EXERCISE GOAL: Print every entry again exactly, with no pictures.

THE DATA:
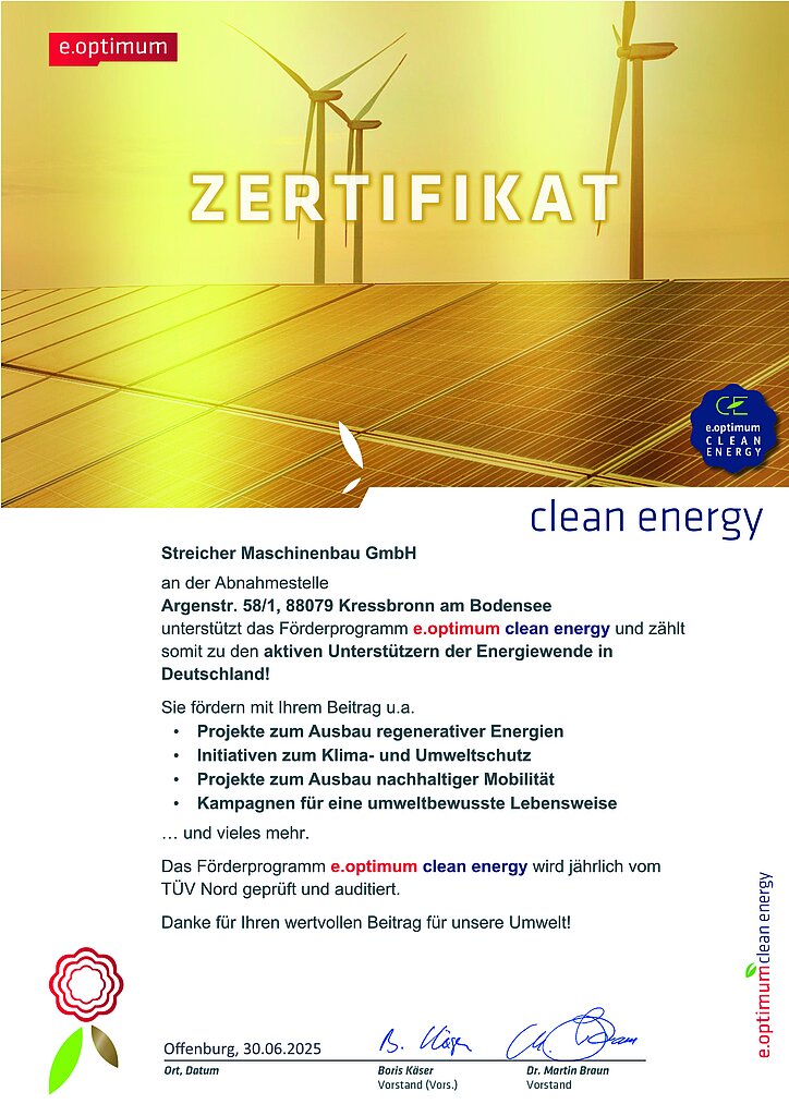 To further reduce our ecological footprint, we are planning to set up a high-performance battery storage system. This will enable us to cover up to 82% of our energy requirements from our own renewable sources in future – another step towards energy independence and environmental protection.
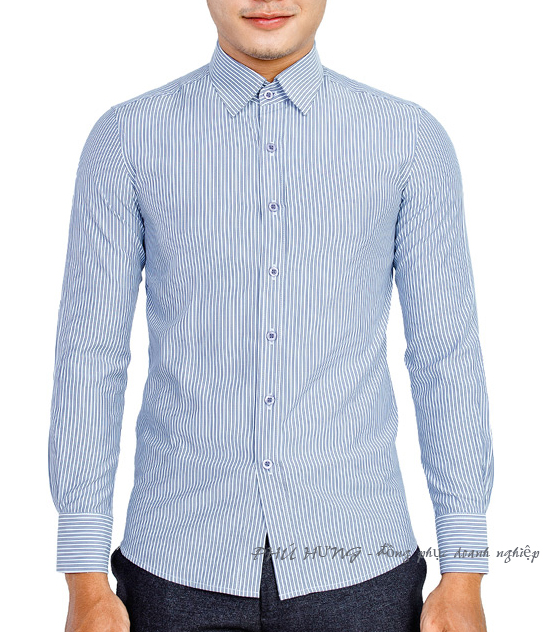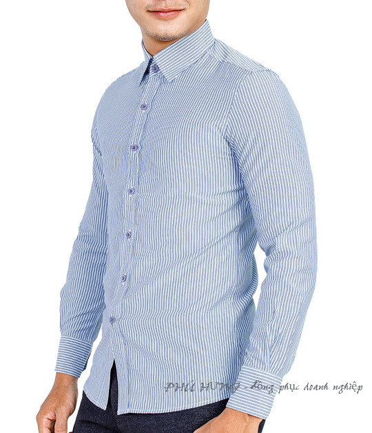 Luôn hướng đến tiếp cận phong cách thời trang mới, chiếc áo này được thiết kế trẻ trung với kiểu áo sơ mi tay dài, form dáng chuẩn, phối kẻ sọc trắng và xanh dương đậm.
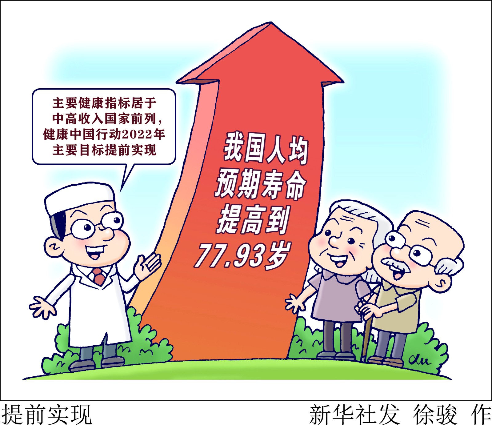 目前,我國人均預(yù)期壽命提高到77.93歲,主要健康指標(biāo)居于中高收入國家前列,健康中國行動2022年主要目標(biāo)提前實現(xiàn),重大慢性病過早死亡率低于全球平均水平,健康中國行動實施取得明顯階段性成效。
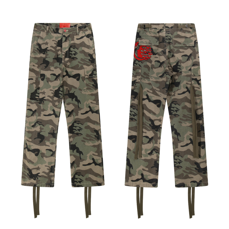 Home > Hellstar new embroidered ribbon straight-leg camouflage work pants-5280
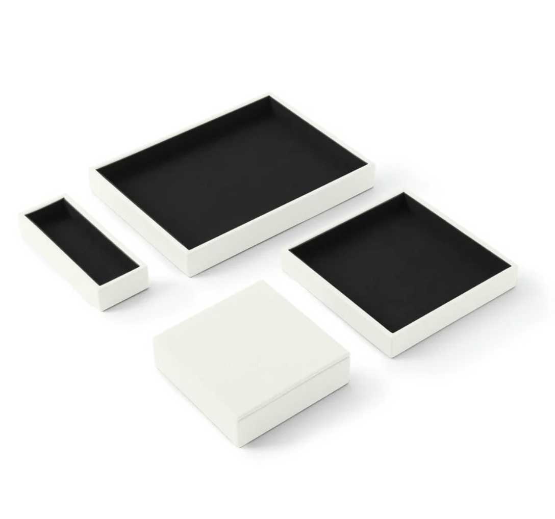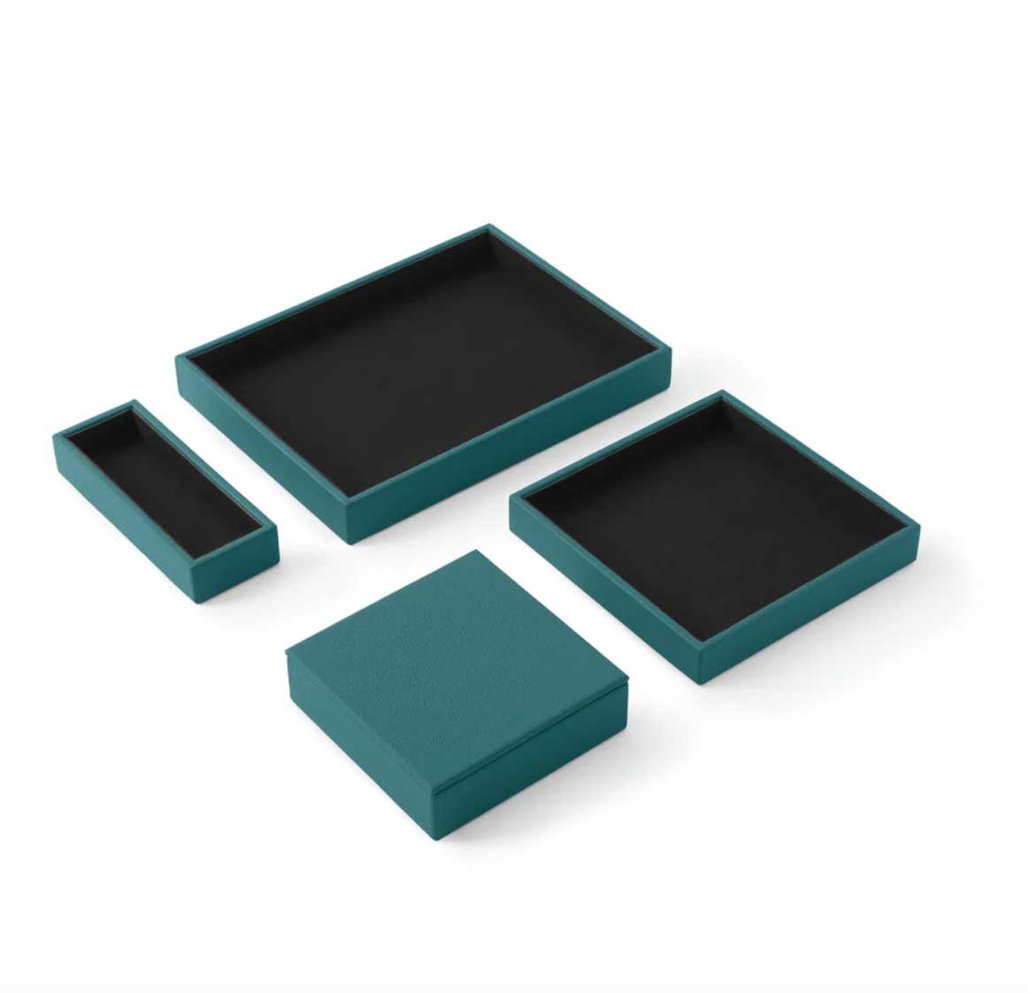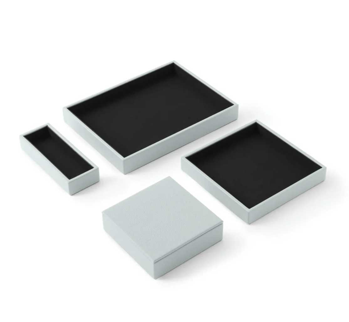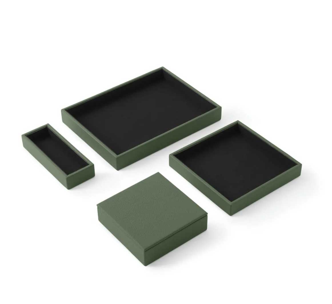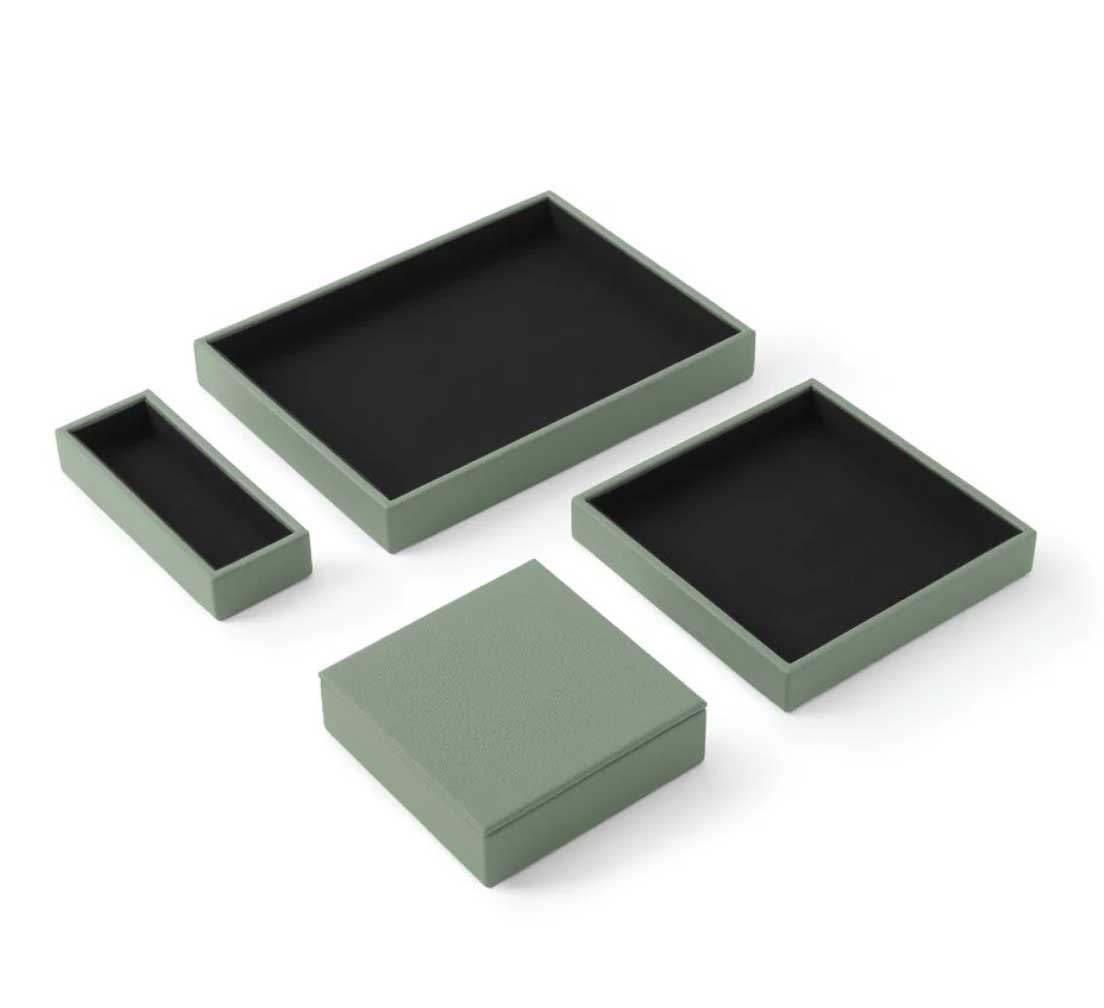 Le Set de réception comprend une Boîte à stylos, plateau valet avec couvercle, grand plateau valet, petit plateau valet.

WRITTEN RESPONSE:
 To further reduce our ecological footprint, we are planning to set up a high-performance battery storage system. This will enable us to cover up to 82% of our energy requirements from our own renewable sources in future – another step towards energy independence and environmental protection.
 Luôn hướng đến tiếp cận phong cách thời trang mới, chiếc áo này được thiết kế trẻ trung với kiểu áo sơ mi tay dài, form dáng chuẩn, phối kẻ sọc trắng và xanh dương đậm.
 目前,我國人均預(yù)期壽命提高到77.93歲,主要健康指標(biāo)居于中高收入國家前列,健康中國行動2022年主要目標(biāo)提前實現(xiàn),重大慢性病過早死亡率低于全球平均水平,健康中國行動實施取得明顯階段性成效。
 Home > Hellstar new embroidered ribbon straight-leg camouflage work pants-5280
 Le Set de réception comprend une Boîte à stylos, plateau valet avec couvercle, grand plateau valet, petit plateau valet.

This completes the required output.